「時を支配し給う神」
説教要旨(1月15日 朝礼拝)
申命記 第16編13 ~ 17節/
ヨハネによる福音書 第7章1 ~ 9節
倉橋康夫
主イエスは、今は12弟子を核として、少数の者たちと、ガリラヤに留まってにおられます。自分たちの望むものを与えてくれるのでなければ、留まる必要はないとばかりに、多くの者が続々と離れ去って行ったからです。
そんな中で、<ユダヤ人の仮庵祭>が近づいてきました。ユダヤ教の3大祭りの1つ、収穫を感謝する秋祭りで、9月末から10月初めにかけて、1週間続けられるお祭りです。併せて読んだ旧約聖書は、申命記 第16章です。そこには、大いに喜び祝うように、主なる神がそのすべてを祝福される、と記されています。
主イエスの<兄弟たち>、つまり、弟たちが、主イエスに進言します。<3 イエスの兄弟たちが言った。「ここを去ってユダヤに行き、あなたのしている業を弟子たちにも見せてやりなさい。>、と。弟たちは、この時こそ、兄イエスの巻き返しの絶好のチャンスであり、絶好の舞台である、と考えたのです。<あなたのしている業」とは、病人の癒しとか、パンの奇跡のような業のことでしょう。晴れ舞台で、弟子たちに改めて自分の力を見せ付けることと、新しく弟子を募ることとが意図されている、と考えられます。
ところが、このような弟たちの忠告は、全く主イエスを理解していない、主イエスをメシアとして、正しく受け止めていないことを暴露してしまっています。特別な力を誇示することによってメシアの座に着こうとする、力によってメシアとして君臨しようとする、そのようなメシア像を描いているからです。それを、聖書は、<5 兄弟たちも、イエスを信じていなかったのである。>、と記します。
当然、主イエスは、そのような、弟たちの求めを拒否されます。そして、<わたしの時はまだ来ていない>(6、8節)、と言われます。その際、主イエスは、<あなたがたの時はいつも備えられている。>と言うのです。つまり、ここで、<あなたがたの時>とは、弟たちに代表されるように、人間が自分の目的を達成するために利用する時のことです。私たち人間の多くは、「自分の時」を獲得しようとして、血眼になります。自分の目的達成のための好機を得たいのです。主イエスは、これと鋭く対立する「わたしの時」、について話されます。弟たちが、今こそその時だ、と判断するのに対して、<わたしの時はまだ来ていない>、と真っ向から対立するのです。

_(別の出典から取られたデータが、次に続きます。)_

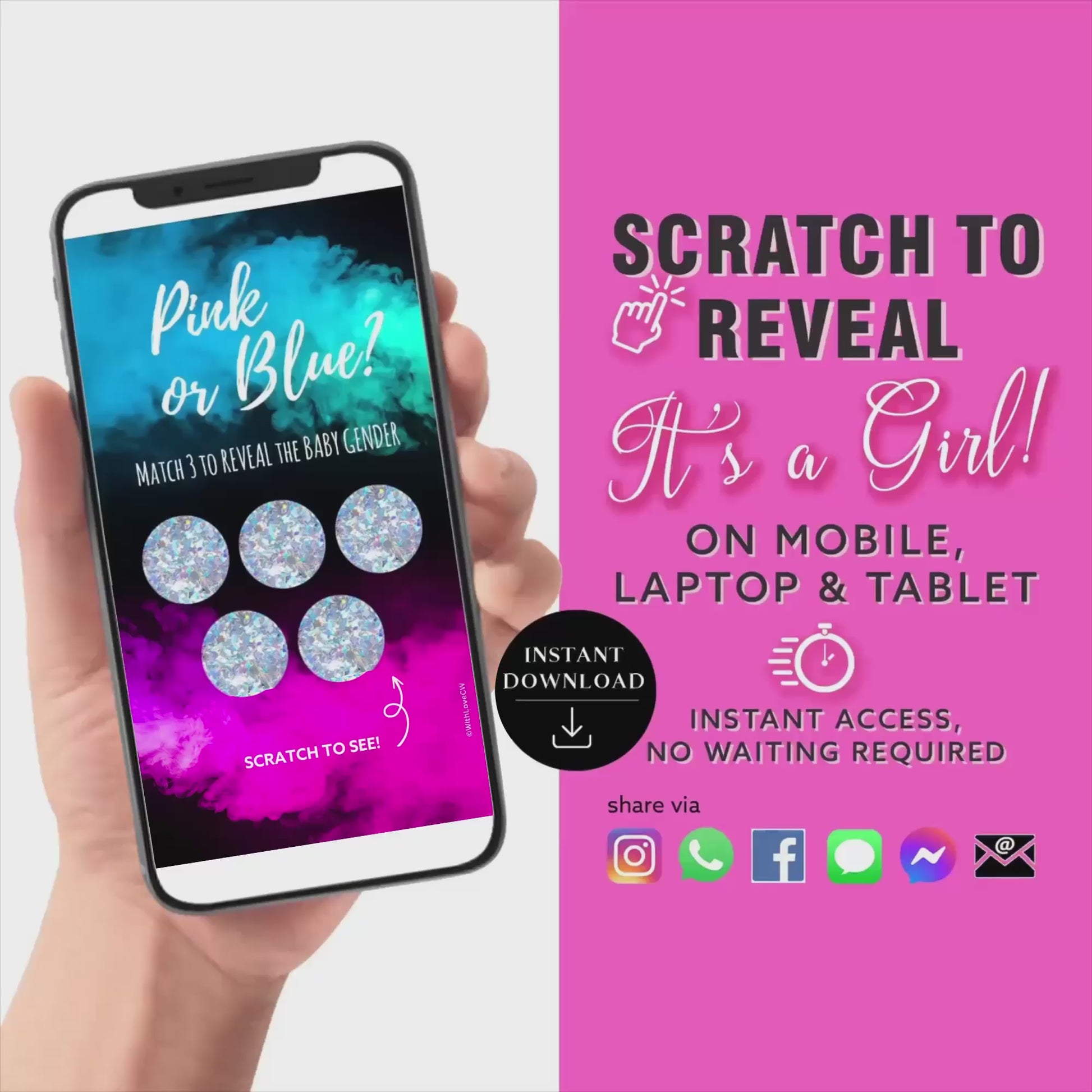 Baby Girl Gender Reveal Scratch Card, Digital Scratch Card, Surprise Announcement
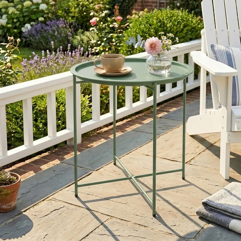 Outsunny 18" Outdoor Side Table with Removable Tray and Folding Legs, Indoor Outdoor for Balcony, Porch, Green
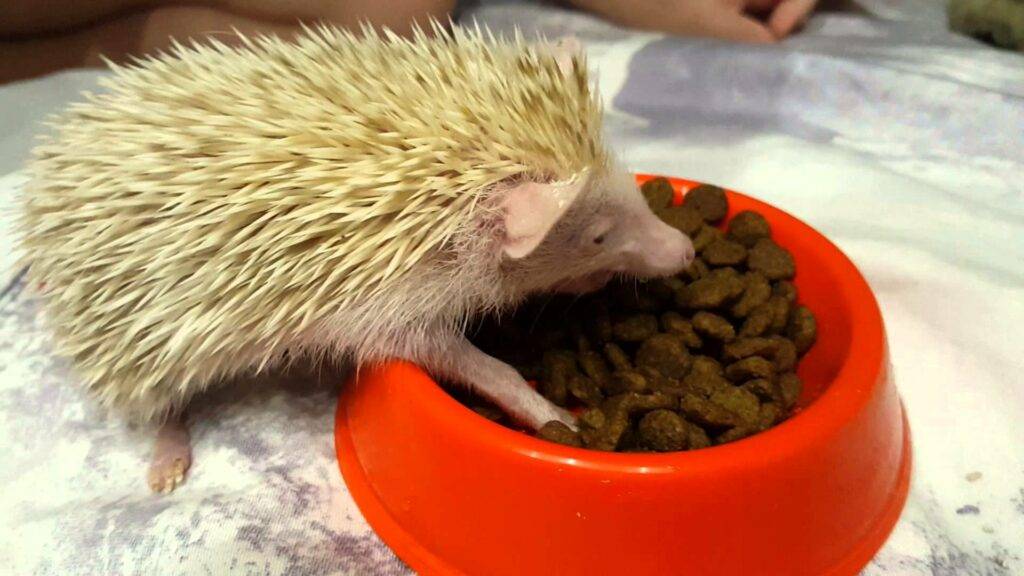 Большую часть корма необходимо оставлять на вечернее и ночное время, колючий питомец активен ночью, и если не оставлять ему пищу на ночь, будет сновать по клетке в ее поисках. Беременным самкам необходимо давать пищу 3—4 раза в день.
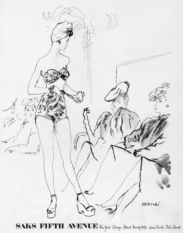 Resort collection at Saks Fifth Avenue, illustrated by René R. Bouché, Vogue, January 1, 1945
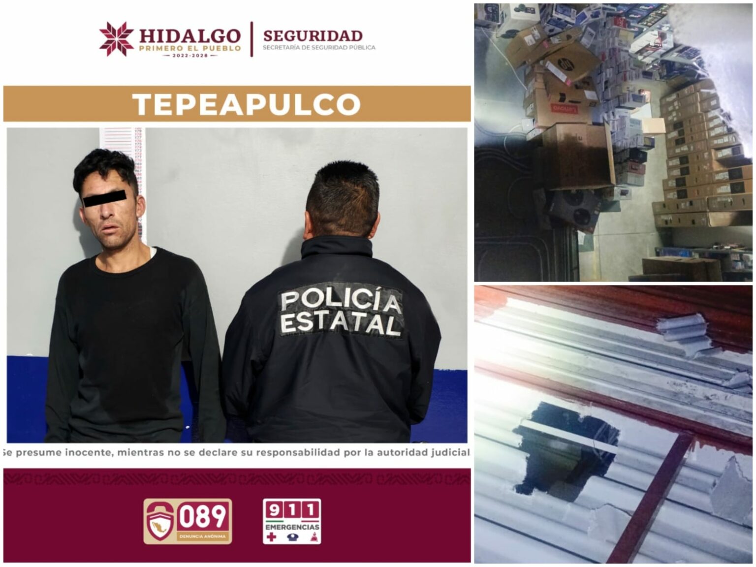 Las acciones de seguridad y vigilancia realizadas por la Secretaría de Seguridad Pública de Hidalgo (SSPH) permitieron el aseguramiento de un sujeto por su presunta participación en el robo a una tienda departamental en Tepeapulco.
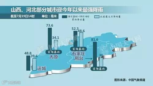 昨天,华北、黄淮遭遇今年以来最强的一次降水过程,普遍有暴雨出现。监测数据显示,山西东部、河北南部、山东西部、河南北部的很多站点都出现了100毫米以上的大暴雨。其中华北最强降水出现在河北武安,24小时降水量406毫米。省会级城市中,河北石家庄降水228.6毫米。
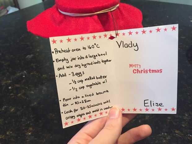Con la tarjeta adjunta Asegúrese de incluir la siguiente información. Precalentar el horno a 160 grados centígrados para un ventilador forzado horno. Grasa y una lata de brownie 20cmx28cm la línea. En un bol grande batir el contenido de la jarra y luego agregar 3 huevos batidos, 1/2 taza derretida mantequilla y 1/2 taza de aceite vegetal y mezclar hasta combinar bien. Luego cocer en el horno durante 35-45 minutos hasta que una brocheta de madera salga limpia.
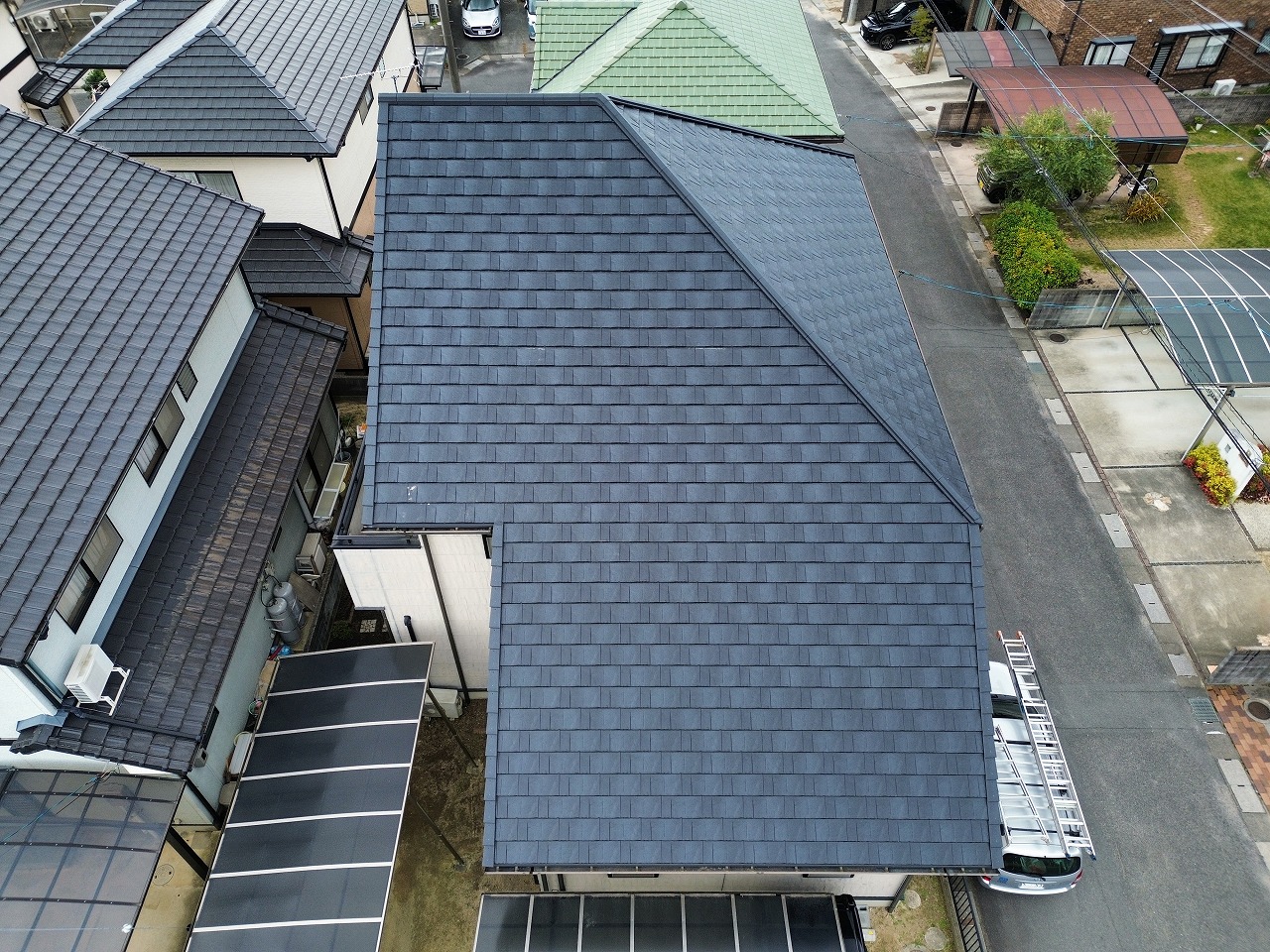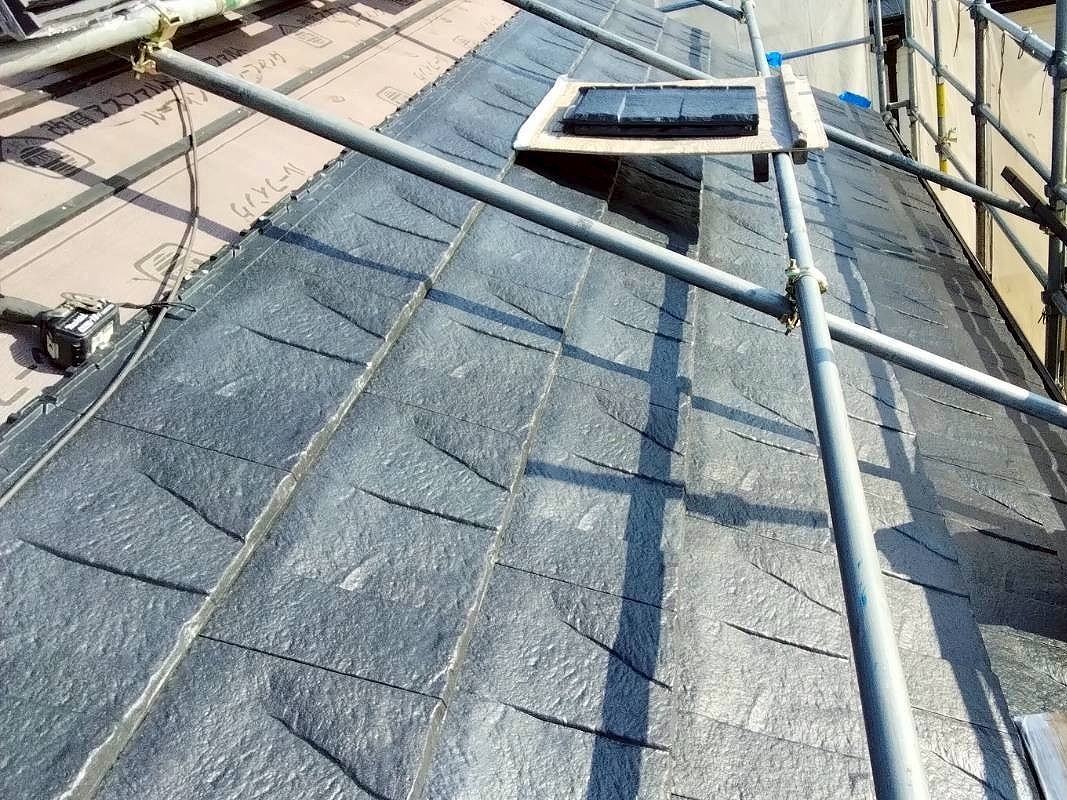 総社市にて、既存のスレート屋根からルーガ鉄平への葺き替え工事を行いました。

このように、主イエスの「時」についての判断が、弟たちと真っ向から対立するのは、その判断基準が全く別のところにあるからです。主イエスの姿勢は、第6章38節のお言葉の通り一貫したものです。<わたしが天から降って来たのは、自分の意志を行うためではなく、わたしをお遣わしになった方の御心を行うためである。>、と。つまり、主イエスが、<わたしの時>と言われる場合は、ご自分を遣わされた方のみ心に沿う時、「神の時」を意味しています。これは、主イエスがメシアとしてのみ業を為す時、つまり、十字架の時を指しているのです。
弟たちも、兄イエスをメシアとして登場させる「時」を思っていました。双方共に、メシアとしての業を為す時を考えながら、メシアの理解が違っていたのです。神の時を無視して、人間が自分の時を追いかけたとしても、それはただ、空回りをするに過ぎません。神は、人間の理解とは全く違った形で、神の定め給う時に、メシアを出現させられます。それが、十字架にかけられたキリストなのです。人間が、神のご支配の下に生かされていることを忘れる時、様々に操作をして、「自分の時」を獲得しようとします。しかし、神の定め給う時こそが、最終的に実現することを、主の十字架が示しているのです。